前几天在分析某影视短评,把数据导入了elasticsearch中,正好可以用elasticsearch来分析下,最后用kibana生成词云图

查看下当前数据量

1
2
3
4
5
GET /_cat/indices/scrapy_douban_movie_comments?v

# 输出
health status index uuid pri rep docs.count docs.deleted store.size pri.store.size
green open scrapy_douban_movie_comments SdX9pi7BQjKgRj1tcf91XQ 3 2 12185 4828 24.8mb 8.2mb

看一下索引mapping

1
2
3
4
5
6
7
8
9
10
11
12
13
14
15
16
17
18
19
20
21
22
23
24
25
26
27
28
29
30
31
32
33
34
35
36
37
38
39
40
41
42
43
44
45
46
47
48
49
50
GET scrapy_douban_movie_comments

# 输出
{
"scrapy_douban_movie_comments" : {
"aliases" : { },
"mappings" : {
"properties" : {
"comments" : {
"type" : "text",
"analyzer" : "ik_max_word"
},
"createtime" : {
"type" : "date"
},
"date" : {
"type" : "date"
},
"title" : {
"type" : "text",
"analyzer" : "ik_max_word"
},
"updatetime" : {
"type" : "date"
},
"url" : {
"type" : "text"
},
"user" : {
"type" : "keyword"
},
"vote" : {
"type" : "integer"
}
}
},
"settings" : {
"index" : {
"creation_date" : "1671077371923",
"number_of_shards" : "3",
"number_of_replicas" : "2",
"uuid" : "SdX9pi7BQjKgRj1tcf91XQ",
"version" : {
"created" : "7070099"
},
"provided_name" : "scrapy_douban_movie_comments"
}
}
}
}

看了下上面comments 这个字段存储了用户评论,博主已对它进行ik分词,但是此时kibana词云图中是无法选该字段,因为该字段为text类型,无法agg或sort操作,尝试在dev tools中执行聚合操作会报错

1
2
3
4
5
6
7
8
9
10
11
12
13
14
15
16
17
18
19
20
21
22
23
24
25
26
27
28
29
30
31
32
33
34
35
36
37
38
39
40
41
42
43
44
45
46
47
48
GET scrapy_douban_movie_comments/_search
{
"size": 0,
"aggs": {
"comments_terms": {
"terms": {
"field": "comments",
"size": 50
}
}
}
}

# 输出
{
"error" : {
"root_cause" : [
{
"type" : "illegal_argument_exception",
"reason" : "Text fields are not optimised for operations that require per-document field data like aggregations and sorting, so these operations are disabled by default.

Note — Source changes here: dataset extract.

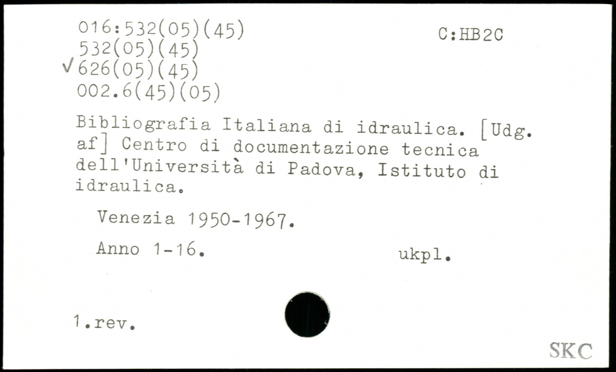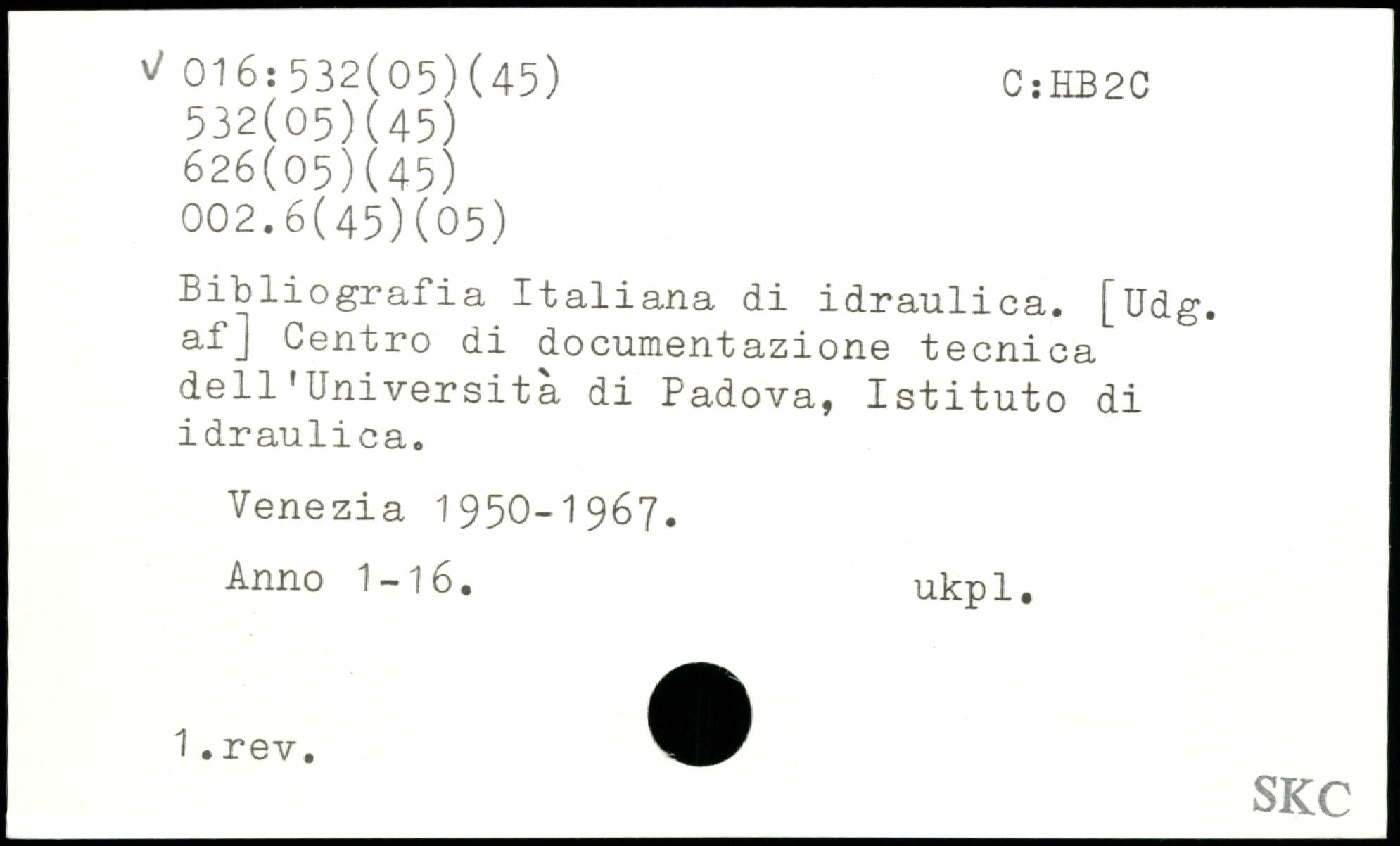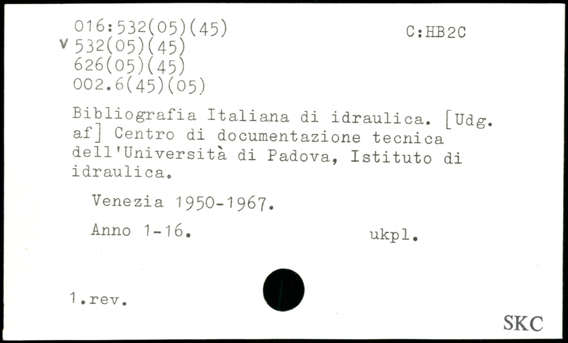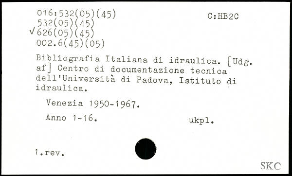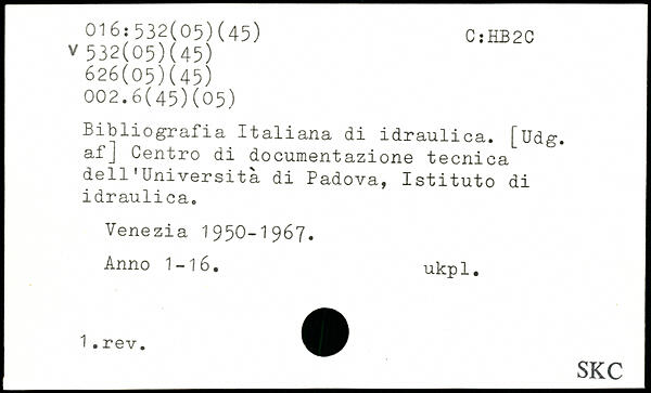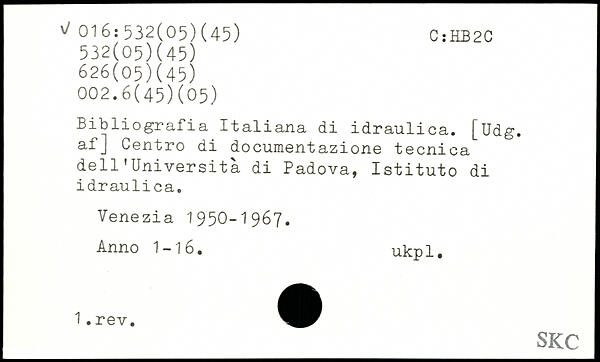 Bibliografia Italiana di idraulica. [Udg. afj Centro di documentazione tecnica dell’Universita di Padova, Istituto di idraulica. Venezia 1950-1967. Anno 1-16. ukpi. ;

Please use a keyword field instead. Alternatively, set fielddata=true on [comments] in order to load field data by uninverting the inverted index. Note that this can use significant memory."
}
],
"type" : "search_phase_execution_exception",
"reason" : "all shards failed",
"phase" : "query",
"grouped" : true,
"failed_shards" : [
{
"shard" : 0,
"index" : "scrapy_douban_movie_comments",
"node" : "Vgd49fa4Qrir7oHXUGW_zw",
"reason" : {
"type" : "illegal_argument_exception",
"reason" : "Text fields are not optimised for operations that require per-document field data like aggregations and sorting, so these operations are disabled by default. Please use a keyword field instead. Alternatively, set fielddata=true on [comments] in order to load field data by uninverting the inverted index. Note that this can use significant memory."
}
}
],
"caused_by" : {
"type" : "illegal_argument_exception",
"reason" : "Text fields are not optimised for operations that require per-document field data like aggregations and sorting, so these operations are disabled by default. Please use a keyword field instead. Alternatively, set fielddata=true on [comments] in order to load field data by uninverting the inverted index. Note that this can use significant memory.",
"caused_by" : {
"type" : "illegal_argument_exception",
"reason" : "Text fields are not optimised for operations that require per-document field data like aggregations and sorting, so these operations are disabled by default. Please use a keyword field instead. Alternatively, set fielddata=true on [comments] in order to load field data by uninverting the inverted index. Note that this can use significant memory."
}
}
},
"status" : 400
}

对于text类型字段,fiedlddata默认为false。此时我们可以将该字段得fielddata属性设置为true,设置之后该字段则支持agg查询。

同时我们对comments的分词需要定制下,因为使用的模式是ik_max_word,分词结果会存在单字的词,这不是博主想要的,双字词也会有很多无用的分词结果,所以最后决定将词数控制在4个或以上进行分词。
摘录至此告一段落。